Vous l'aurez compris, le groupe SER votera en faveur de l'excellente proposition de loi de Patrick Bloche telle que nous l'avons adoptée le 18 juillet dernier. Elle vient compléter la loi du 15 novembre 2013 qui a réformé le mode de nomination des présidents de l'audiovisuel public. Ainsi, comme vous pouvez le constater, notre majorité a su mettre la transparence, la liberté, et l'indépendance des médias au cœur de ce quinquennat !

Mme Virginie Duby-Muller. Nous arrivons donc au terme de l'examen de cette proposition de loi, dont l’initiative revient à notre président-rapporteur et qui avait fait du bruit lors de son dépôt. Comme vous vous en souvenez, mes chers collègues, elle avait été qualifiée au départ de « texte anti-Bolloré », et tous les projecteurs étaient braqués sur la généralisation des comités d'éthique. Les débats ont toutefois révélé d'autres difficultés, sur lesquelles je souhaiterais revenir au nom du groupe Les Républicains, l’absence d'accord en CMP nous conduisant à exprimer de nouveau nos positions.

Notre première inquiétude est causée par le flou qui entoure la notion de conviction professionnelle. Certes, les chartes déontologiques proposées par notre groupe tentent, autant que faire se peut, d'encadrer le nouveau droit d'opposition créé à l'article 1er ; certes, vous avez consenti à supprimer l'adjectif « intime » qui suscitait de fortes inquiétudes. Cependant, nous estimons qu’il convient, et pas seulement dans le cadre des chartes, de définir plus précisément cette notion de conviction professionnelle sur laquelle se fonde le nouveau droit d'opposition créé à l'article 1er. À défaut de précision, ce nouveau droit ne peut s'analyser que comme un droit opposable teinté de subjectivité.
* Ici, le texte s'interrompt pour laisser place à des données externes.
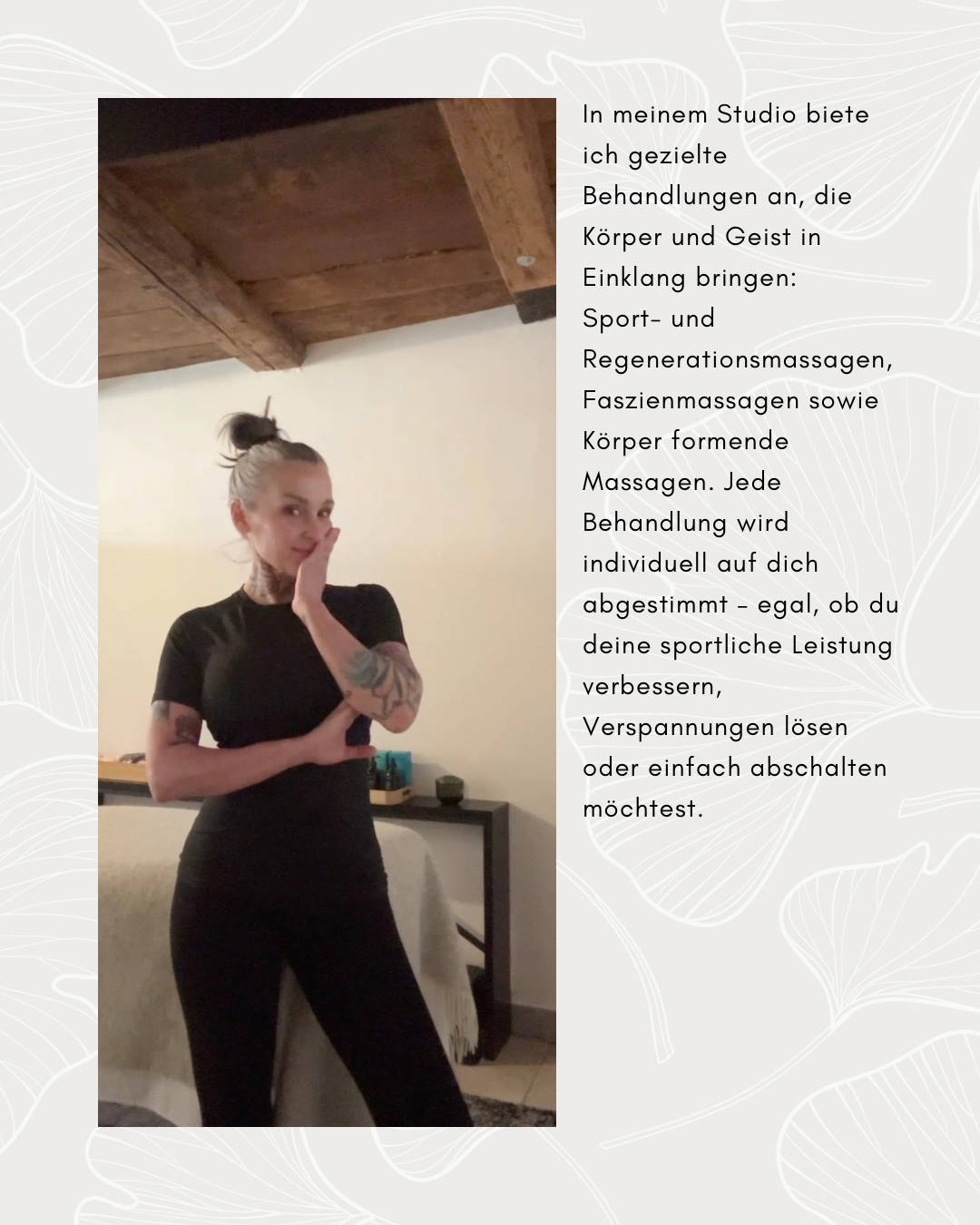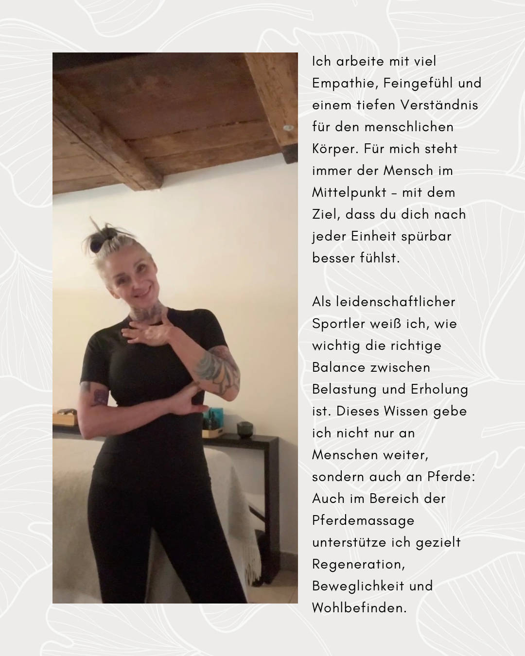 Dein Ort für Regeneration, Leistung & Wohlbefinden Seit über 12 Jahren begleite ich Menschen als Personal Trainer auf ihrem Weg zu mehr Leistungsfähigkeit, Gesundheit und innerer Balance. Aktuell befinde ich mich in den letzten Zügen meiner Ausbildung zum Sporttherapeuten – mein Ansatz verbindet fundiertes Fachwissen mit echter Leidenschaft für Bewegung und Regeneration. In meinem Studio biete ich gezielte Behandlungen an, die Körper und Geist in Einklang bringen: Sport- und Regenerationsmassagen, Faszienmassagen sowie Körper formende Massagen. Jede Behandlung wird individuell auf dich abgestimmt – egal, ob du deine sportliche Leistung verbessern, Verspannungen lösen oder einfach abschalten möchtest. Ich arbeite mit viel Empathie, Feingefühl und einem tiefen Verständnis für den menschlichen Körper. Für mich steht immer der Mensch im Mittelpunkt – mit dem Ziel, dass du dich nach jeder Einheit spürbar besser fühlst. Als leidenschaftlicher Sportler weiß ich, wie wichtig die richtige Balance zwischen Belastung und Erholung ist. Dieses Wissen gebe ich nicht nur an Menschen weiter, sondern auch an Pferde: Auch im Bereich der Pferdemassage unterstütze ich gezielt Regeneration, Beweglichkeit und Wohlbefinden. Für mehr Leichtigkeit, mehr Energie und ein besseres Körpergefühl.

Or, c'est un droit substantiel qui peut déstabiliser le fonctionnement des rédactions et qui fragilise le régime de responsabilité en vigueur. Demain, un directeur de la publication pourra se trouver responsable civilement et pénalement de contenus qu'il n'aura pas pu faire supprimer ou rectifier. C'est un véritable problème, sur lequel la proposition de loi reste silencieuse.

Notre seconde inquiétude a trait au renforcement inopportun des pouvoirs du CSA. Qu'il ait pour mission de garantir l'honnêteté et le pluralisme des programmes concourant à l'information ne nous choque pas : en revanche, que la proposition de loi reste également silencieuse sur le contenu des conventions censées encadrer cette nouvelle mission nous pose problème. En clair, la proposition de loi laisse le CSA définir lui-même la façon dont il entend garantir honnêteté, indépendance et pluralisme des médias. Ce silence fait du régulateur le juge des contenus et ce n'est pas acceptable. D'autant plus que la proposition de loi prévoit des sanctions portant sur les autorisations de diffusion en cas de non-respect des principes mentionnés à l'article 3-1 de la loi du 30 septembre 1986, tel que modifié donc par l'article 2 de la proposition de loi ; ces principes sont bien sûr le ceux d'honnêteté, d'indépendance et de pluralisme, déjà cités, mais aussi celui du nouveau droit d'opposition des journalistes dont je viens de souligner les dangers. Le pouvoir que confie la proposition de loi au CSA nous semble donc disproportionné.

En revanche, nous saluons l'intégration au texte de l'article 1er ter sur la protection des sources des journalistes : nous regrettons cependant – une fois n'est pas coutume – que le Gouvernement se soit fait battre en nouvelle lecture par sa majorité, les amendements qu’il proposait nous paraissant équilibrés. Nous saluons également l'article 10 ter sur la numérotation des chaînes.

Enfin, nous pouvons comprendre l'intention qui a fait naître les comités relatifs à l’honnêteté, à l’indépendance et au pluralisme de l’information et de programmes, même si nous regrettons certaines de leurs modalités, notamment la consultation par toute personne, la publicité sur le nombre de saisines, ou encore le fait qu'il revienne encore une fois au CSA de définir les statuts de ces futurs comités.

Pour les raisons précédemment évoquées, notre groupe votera contre cette proposition de loi.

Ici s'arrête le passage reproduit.